• What the exercise asks:
Transcribe all of the data exactly. Images stay out.
(Given material)
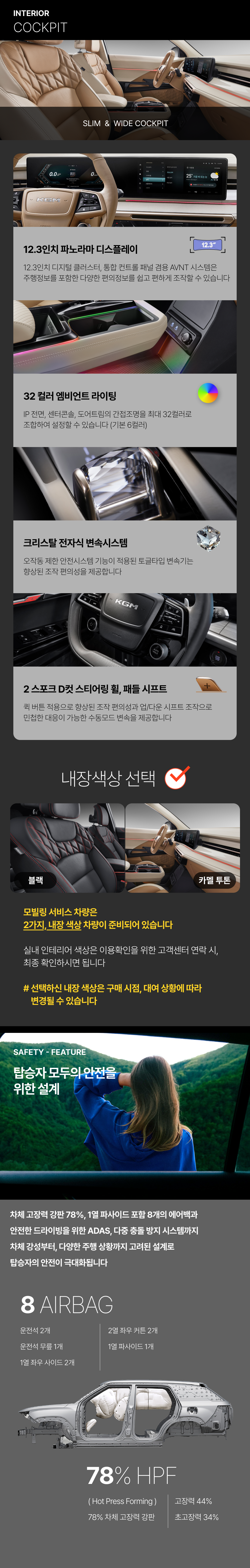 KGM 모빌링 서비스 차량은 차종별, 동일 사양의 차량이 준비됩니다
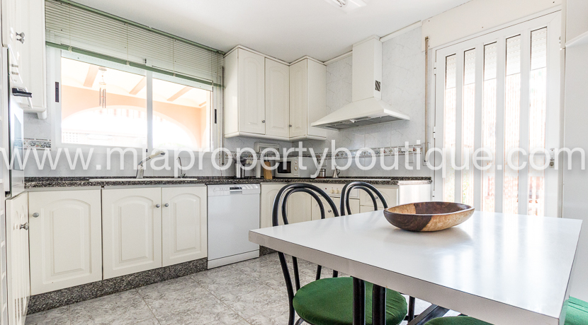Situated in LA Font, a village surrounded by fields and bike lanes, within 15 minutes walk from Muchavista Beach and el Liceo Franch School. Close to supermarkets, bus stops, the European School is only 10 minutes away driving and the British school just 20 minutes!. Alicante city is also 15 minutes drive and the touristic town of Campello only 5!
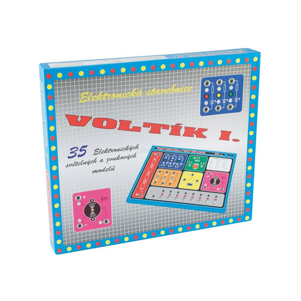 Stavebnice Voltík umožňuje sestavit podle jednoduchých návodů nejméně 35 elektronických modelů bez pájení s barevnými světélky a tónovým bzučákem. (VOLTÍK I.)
(End Given material)
• Solved exercise:
 KGM 모빌링 서비스 차량은 차종별, 동일 사양의 차량이 준비됩니다
Situated in LA Font, a village surrounded by fields and bike lanes, within 15 minutes walk from Muchavista Beach and el Liceo Franch School. Close to supermarkets, bus stops, the European School is only 10 minutes away driving and the British school just 20 minutes!. Alicante city is also 15 minutes drive and the touristic town of Campello only 5!
 Stavebnice Voltík umožňuje sestavit podle jednoduchých návodů nejméně 35 elektronických modelů bez pájení s barevnými světélky a tónovým bzučákem. (VOLTÍK I.)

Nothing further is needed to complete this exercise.